Even when their tale was woven out of the stuff of tragedy, the old
ballads were not tarnished with such morbid speculations. Read the tale
of the beggar's daughter of Bethnal Green. One shudders to think what a
modern lyric-writer would make of it. We should all be in tears before
the end of the first chorus.
But here, a lovely girl leaves her blind father to search for fortune.
She has many adventures, and in the end, she marries a knight. The
ballad ends with words of almost childish simplicity, but they are words
which ring with the true tone of happiness:--
Thus was the feast ended with joye and delighte
A bridegroome most happy then was the young knighte
In joy and felicitie long lived hee
All with his faire ladye, the pretty Bessee.

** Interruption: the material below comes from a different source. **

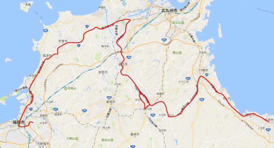 (1日目の行程。 GPSロガーが不調だったので、この日移動した福岡空港から中津駅までをグーグルマップ上に赤色で表示した。)

I said that the words were of almost childish simplicity. But the
student of language, and the would-be writer, might do worse than study
those words, if only to see how the cumulative effect of brightness and
radiance is gained. You may think the words are artless, but just
ponder, for a moment, the number of brilliant verbal symbols which are
collected into that tiny verse. There are only four lines. But those
lines contain these words ...
Feast, joy, delight, bridegroom, happy, joy, young, felicity, fair,
pretty.
Is that quite so artless, after all? Is it not rather like an old and
primitive plaque, where colour is piled on colour till you would say
the very wood will burst into flame ... and yet, the total effect is one
of happy simplicity?
V
How were the early ballads born? Who made them? One man or many? Were
they written down, when they were still young, or was it only after the
lapse of many generations, when their rhymes had been sharpened and
their metres polished by constant repetition, that they were finally
copied out?
To answer these questions would be one of the most fascinating tasks
which the detective in letters could set himself. Grimm, listening
in his fairyland, heard some of the earliest ballads, loved them,
pondered on them, and suddenly startled the world by announcing that
most ballads were not the work of a single author, but of the people at
large. Das Volk dichtet, he said. And that phrase got him into a
lot of trouble. People told him to get back to his fairyland and not
make such ridiculous suggestions. For how, they asked, could a whole
people make a poem? You might as well tell a thousand men to make a
tune, limiting each of them to one note!